Between January 2000 and December 2007, Masieri et al. carried out a careful prospectively designed study and collected data from 251
consecutive patients who had pathologically localized (organ-confined) prostate cancer after radical prostatectomy. Data from 239 of these
patients was usable for analysis. The authors defined PNI as adenocarcinoma observed within the perineural space adjacent to a nerve.
The results of their study showed that:
Intraprostatic PNI occurred in a total of 157/239 patients (65.7 percent).
PNI was more commonly observed in men with pathologic stage T2b/c (149/204 patients or 73 percent)) than in men with pathologic
stage T2a (8/35 patients or 26 percent).
PNI was also more common in men with a Gleason score of 7 to 10 (73/93 patients or 78.5 percent) than in men with a Gleason score
of 2 to 6 (84/146 patients or 57 percent).
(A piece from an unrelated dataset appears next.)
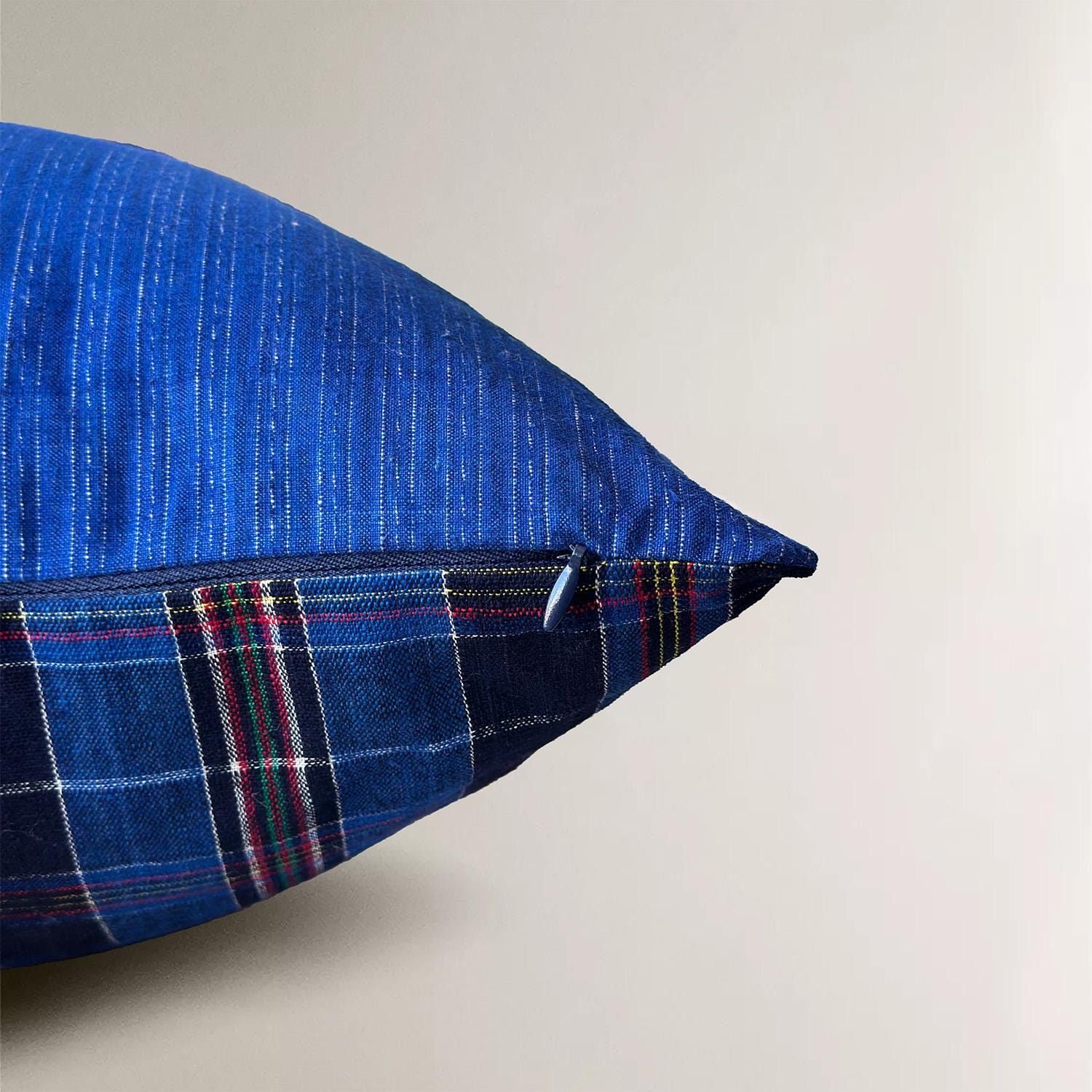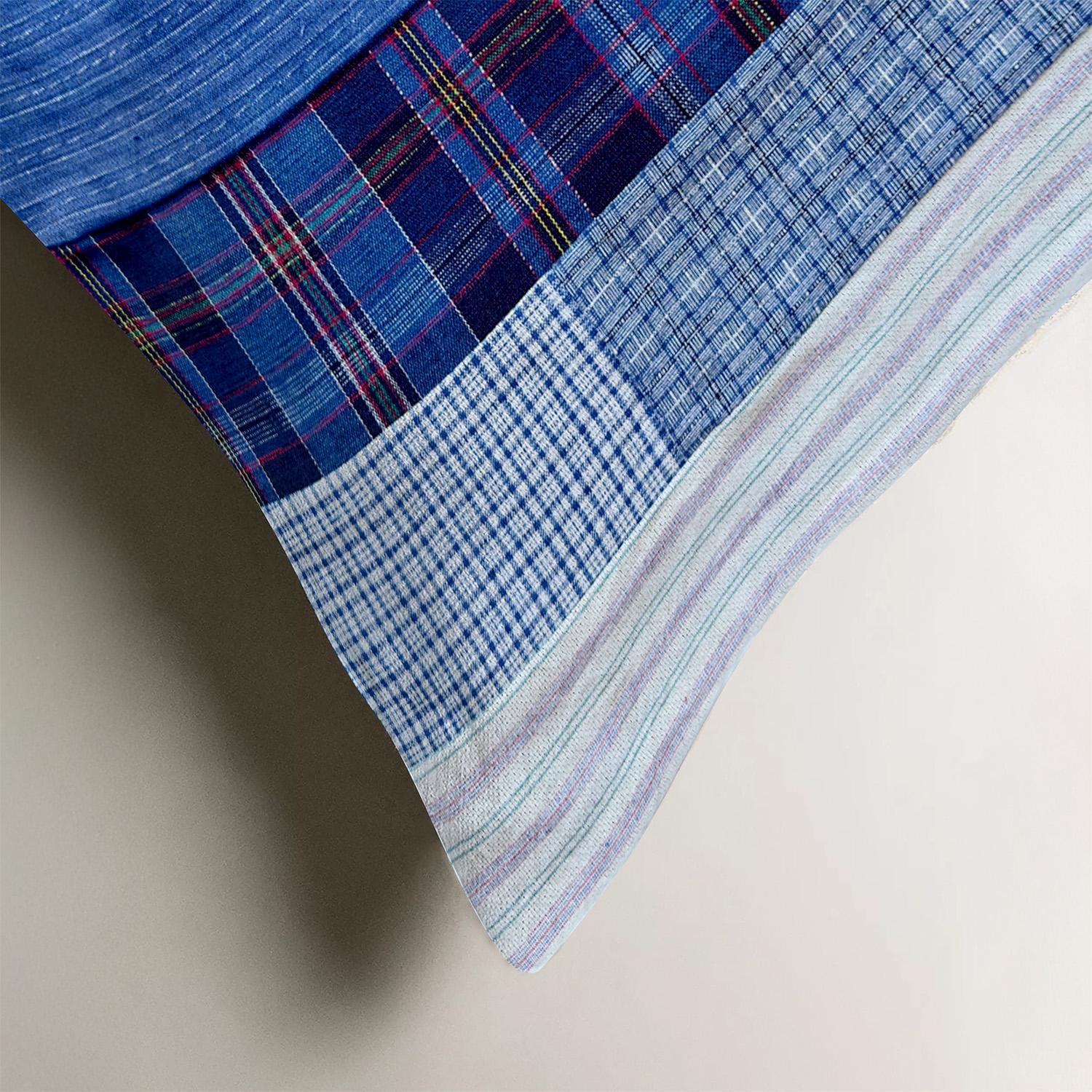 This pillow cover is reversible! One side features a patchwork of gingham squares in tonal blues, while the other showcases a timeless plaid or stripe pattern, offering two distinct looks in one.

Average (mean) follow-up was 65.4 months (range, 24 to 118 months).
11/239 patients (4.6 percent) had biochemical recurrence after surgery and 7 of these 11 patients (63.6 percent) showed PNI.
228/239 patients (95.4 percent) were free from biochemical progression after surgery and 150 of these 228 patients (65.7 percent) had
PNI.
The actuarial biochemical progression-free survival rate for all patients was 96.9 percent at 60 months and 93.5 percent at 84 months,
respectively.
Stratification based on the presence or absence of PNI did not allow for identification of different prognostic groups.
The authors conclude that, at least in their series of patients, men with pathological stage T2 disease and PNI were found to present with a
higher pT2 stage and Gleason score than men without PNI, but that the biochemical progression-free outcomes among these patients were
similar to the outcomes of patients without PNI at a follow up of between 2 and 12 years.
This study appears to suggest that the prognostic impact of PNI on risk for progressive prostate cancer is actually much lower than has been
assumed in the past. It may well be that as men have increasingly been diagnosed earlier in the progression of their disease, that perineural
invasion is a less significant prognostic factor for men with truly localized disease than it has been thought to be for men known to have
extraprostatic extension of their disease. In other words, PNI in men with pathological T3/4 disease may have greater prognostic significance
than it does in men with pathological T2 disease.